Carving a little island on the internet - Part 2

This is the second part of the little selfhosting adventure I embarked on when creating this blog.

We’ve already covered how to create a website with Hugo, setup an instance at a cloud provider then spin up nginx to serve that website. It’s now time to bring it to The Web^TM.

Oh and we’ll also make it a breeze to push content out.

Open the (HTTP) floodgates

The network configuration of our instance is spread over multiple components. One of them is the Virtual Cloud Network (or VCN). The subnet we’ve configured and the route table that is setup by default will remain as is, but we’ll have to work on the ingress rules. These define what incoming traffic is authorized. Out of the box, the main thing to note is that it’s allowing SSH traffic on port 22.

We will start by allowing HTTP and HTTPS traffic. For that we simply add two rules that allow TCP traffic from IP 0.0.0.0/0, which is the CIDR notation for “any IP”, on the standard HTTP and HTTPS ports, respectively 80 and 443.

Ideally we would only accept HTTPS traffic, but allowing HTTP will let us test our setup for now, until we grab a certificate.

The VCN is not the only place we need to configure, there’s also the instance’s own firewall. We’ll have to use iptables in order to add rules allowing traffic on certain ports¹. As a disclaimer, I’m in no way an expert in this area, but what we’ll do is relatively basic.

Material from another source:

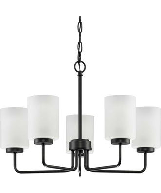 The Merry 5-Light Etched Glass Transitional Style Chandelier Light in Matte Black is a stunning addition to any home. Its clean-lined tubular frame, coated in a beautiful matte black finish, seamlessly blends transitional and modern styles. This chandelier's sleek design features five crisp etched glass shades that emit a generous, elegant glow, transforming your favorite living space into a modern retreat.

We can run sudo iptables -L first to check which rules are in place. On our instance, some rules have already been configured, among which a couple noteworthy ones:

Chain INPUT (policy ACCEPT)
target     prot opt source      destination
ACCEPT     all  --  anywhere    anywhere        state RELATED,ESTABLISHED
...
ACCEPT     tcp  --  anywhere    anywhere        state NEW tcp dpt:ssh
REJECT     all  --  anywhere    anywhere        reject-with icmp-host-prohibited

First, we have to note that these rules are grouped by chains, and applied in the order they’re listed. In this case, we can see that the first rule allows all traffic under the condition that a connection has already been established, or that it’s a new connection associated with an existing connection (as per the RELATED state). Extra rules might follow, but we’ll stop on the next one I’ve listed. This allow TCP traffic, for all sources and destinations, permitting new connections on the destination port associated with ssh². Then we have a catch-all REJECT rule which rejects everything. More specifically, and that’s where the concept of rule chains kicks in, “everything which hasn’t been explicitly ACCEPTed until now”.

Let’s add a rule to allow HTTP traffic coming in. We have to take one thing in consideration, following the chain behaviour I’ve described: that rule must come in before the catch-all REJECT rule. Been there, done that, wondered why there was no traffic coming in despite adding the rule. This is a potential reason.

Here we go:

sudo iptables -I INPUT 3 -m state --state NEW -p tcp --dport 80 -j ACCEPT

There’s a bit to unpack here. First we specify -I INPUT to insert, in the INPUT chain. We then specify a number (here 3) which is the index at which we want to insert the rule. Remember this has to be before the rejection rule³.

Then we specify a parameter that the request has to match with -m. In this case we’ll match on the connection state, in this case NEW connections.

Next are the protocol we want to allow with -p tcp and the destination port with --dport 80.

Finally we specify where to “jump” with the -j option. We have the option of jumping to another chain, or to specific built-in targets which decide immediately what to do with the packet, such as the ACCEPT target which simply allows it.

We can do the same with port 443 to allow HTTPS traffic, and that should be sufficient for the firewall. In the case where the default OUTPUT policy is not set to ACCEPT or if there is a rule akin to the catch-all REJECT rule in our INPUT policy, we also need to allow the traffic for established connection to go out. We can do so with the following command:

sudo iptables -A OUTPUT -p tcp --sport 80 -m state --state ESTABLISHED -j ACCEPT

Here we specify that we want to add the rule to the OUTPUT table, and the other notable change is that we are now configuring it for the source port with --sport 80.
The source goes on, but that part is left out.